Set down the data again exactly. Pictures are not part of the copy.
+++ DATA EXTRACT +++
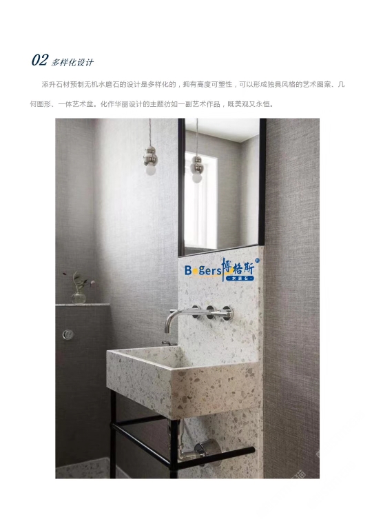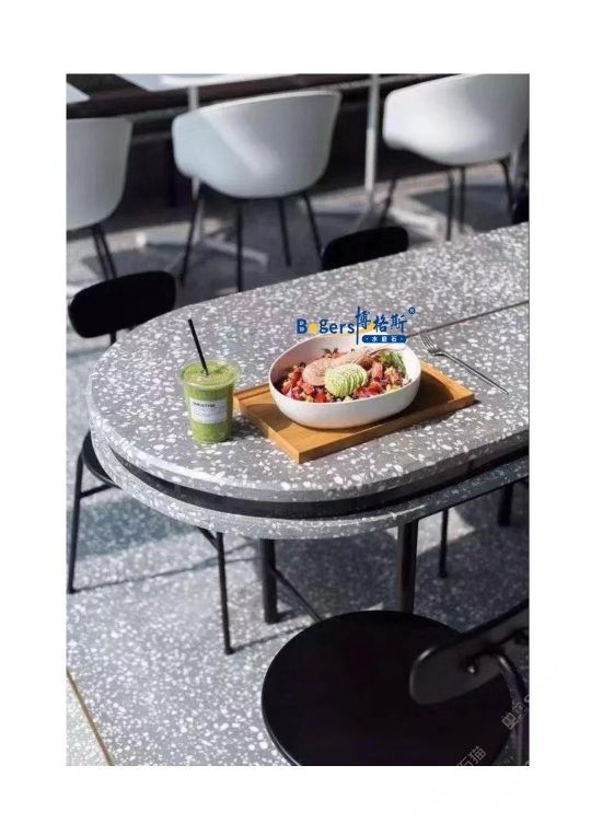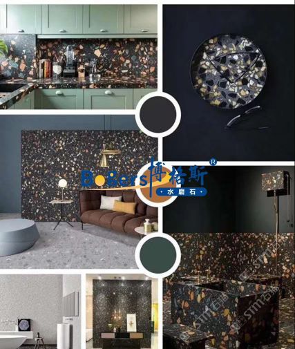随着工艺水平和材料品质的巨大突破,新型预制无机水磨石采用环保型无机粘剂,不含树脂胶水等,通过高频高压抽真空震动压制而成,硬度更高更耐磨,施工更灵活方便。凭借其时髦大气的设计呈现出一种慢慢的感
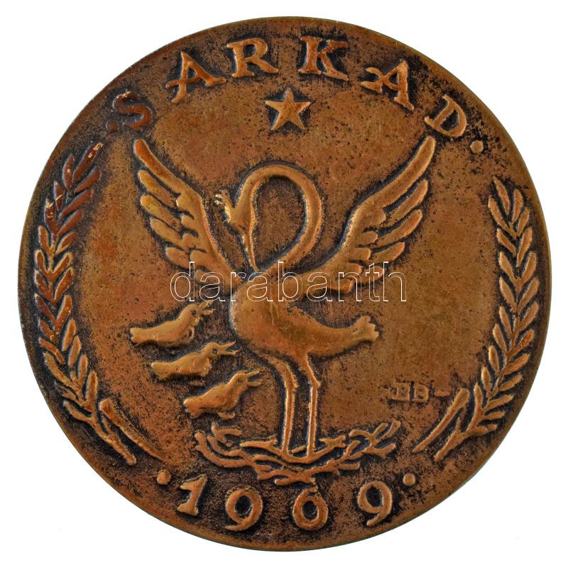 Leírás: Búza Barna (1910-2010) 1969. "Országos Fúvószenekari Találkozó / Sarkad 1969" kétoldalas, öntött bronz emlékplakett (81mm) T:AU, patina
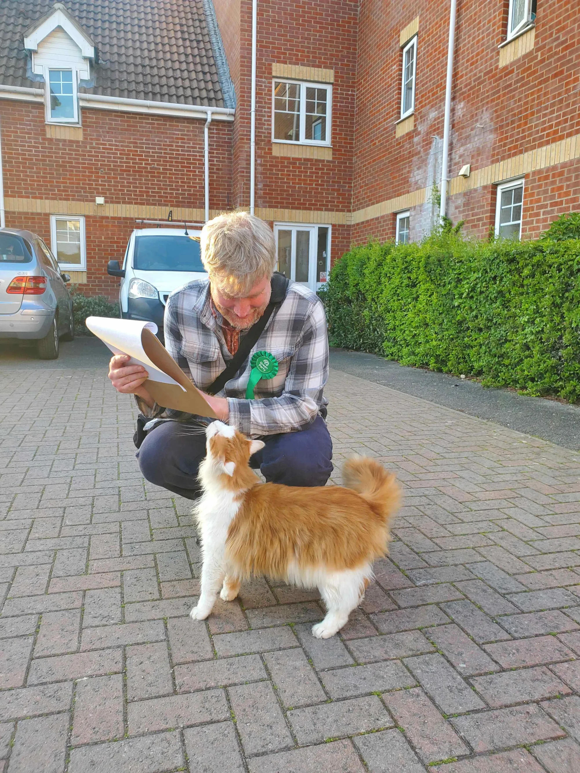 James Taylor (Labour) is the elected councillor for Headington Hill & Northway, and is up for re-election. This is his family dog, Pepper, and he’s been talking to cats whilst delivering for Labour in nearby Lye Valley. James, that is. Not Pepper.
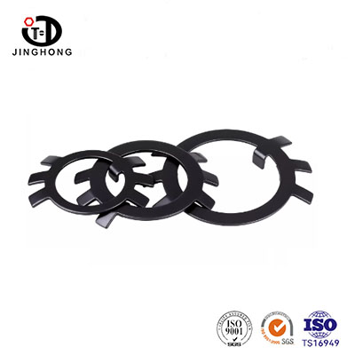 The locking washer used with the round nuts produced by Jinghong Fasteners complies with the Russian national standard GSOT-11872. It is a special locking ring specifically designed for use with round nuts (such as GOST 11871), and is typically used in conjunction with the round nuts to prevent the nuts from loosening under vibration or impact loads. The ring is made of spring steel (65Mn), and undergoes heat treatment and surface anti-corrosion treatment. It is suitable for scenarios with extremely high requirements for anti-loosening reliability, such as heavy machinery, military equipment, and rail transportation.
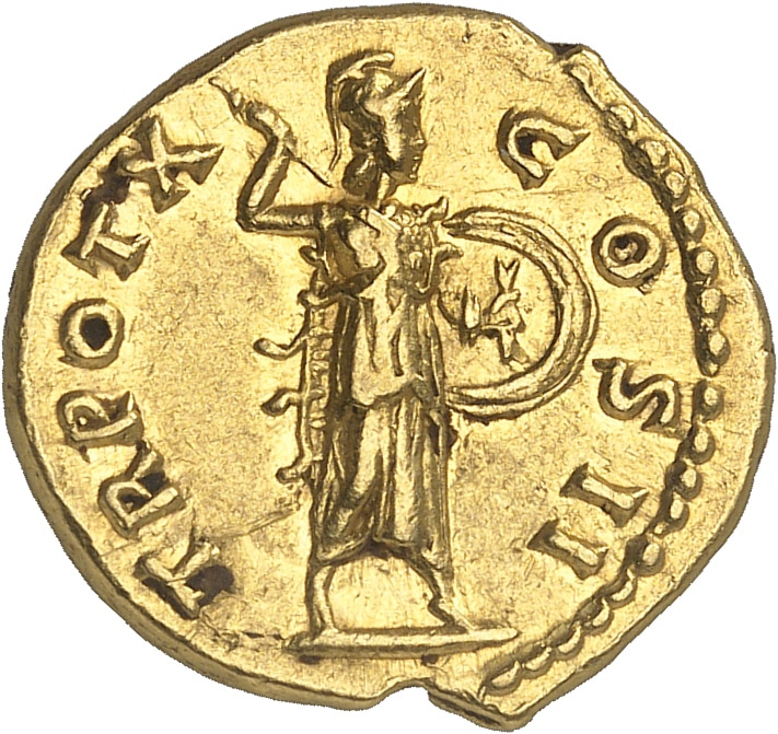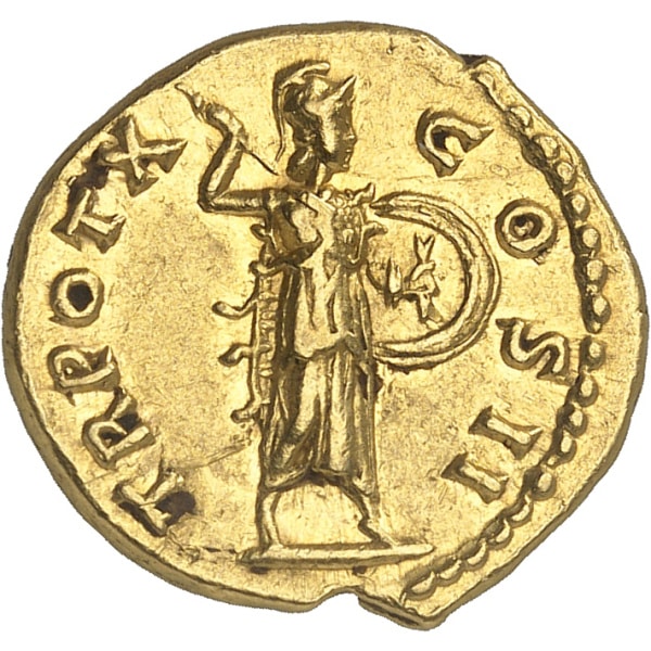 Rv. TR POT X - COS II. Minerve à droite tenant un bouclier et brandissant une lance.
+++
(EXERCISE RESPONSE):
随着工艺水平和材料品质的巨大突破,新型预制无机水磨石采用环保型无机粘剂,不含树脂胶水等,通过高频高压抽真空震动压制而成,硬度更高更耐磨,施工更灵活方便。凭借其时髦大气的设计呈现出一种慢慢的感
 Leírás: Búza Barna (1910-2010) 1969. "Országos Fúvószenekari Találkozó / Sarkad 1969" kétoldalas, öntött bronz emlékplakett (81mm) T:AU, patina
 James Taylor (Labour) is the elected councillor for Headington Hill & Northway, and is up for re-election. This is his family dog, Pepper, and he’s been talking to cats whilst delivering for Labour in nearby Lye Valley. James, that is. Not Pepper.
 The locking washer used with the round nuts produced by Jinghong Fasteners complies with the Russian national standard GSOT-11872. It is a special locking ring specifically designed for use with round nuts (such as GOST 11871), and is typically used in conjunction with the round nuts to prevent the nuts from loosening under vibration or impact loads. The ring is made of spring steel (65Mn), and undergoes heat treatment and surface anti-corrosion treatment. It is suitable for scenarios with extremely high requirements for anti-loosening reliability, such as heavy machinery, military equipment, and rail transportation.
 Rv. TR POT X - COS II. Minerve à droite tenant un bouclier et brandissant une lance.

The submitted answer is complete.